Problem # 1.
Write a K‐means high level algorithm and program for clustering the N dimensional data point in your own language. The algorithm should be able to read the data from a data file that has data in the following form. Note: you can use software library for sorting if needed.
Dimensions = <integer>
<Patient-id><age><gender><disease>
Generate a data file . The <disease> will be a word for example ‘diabetes’, ‘kidney problem’, ‘acidity’ etc. If the <disease> column is missing, it would mean no disease is associated with that value.

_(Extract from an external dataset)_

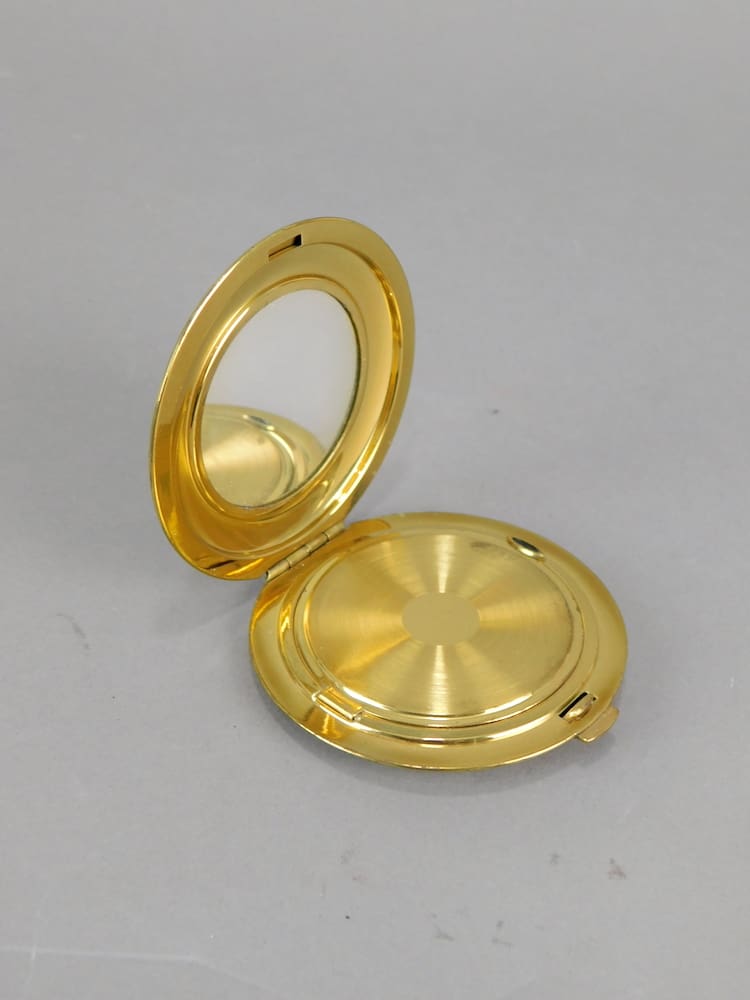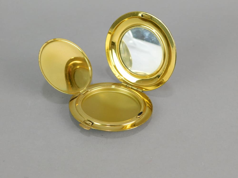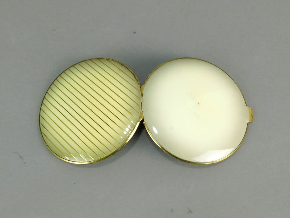 1930’s German cream enamel compact is old stock from a shop that was never sold, so it is in unused condition and ideal for use. Inside is a mirror to the lid and an internal door with no puff or mesh.

The distance measure will be Euclidean that means it is square root of squares of difference of coordinate and centroids. Your program should display the coordinates of the centroid on the screen, the threshold value you gave, and the maximum distance from the centroid to the farthest point in a cluster for all the clusters. It should also give the coordinates of the 'Outliers' in a separate output file. Outliers are those points that do not belong to any cluster.
Note that there may be more than one clusters for the same disease.
Problem #2.
Write a program for finding out the most probable path given a transition matrix, observation matrix, and initialization matrix in a data file. The emitted string should be given by the user, and the program should return all the probable sequence of states that would emit the given signals along with their probabilities, and then print out the maximum probable path.
Please mention comments for each statement how it works.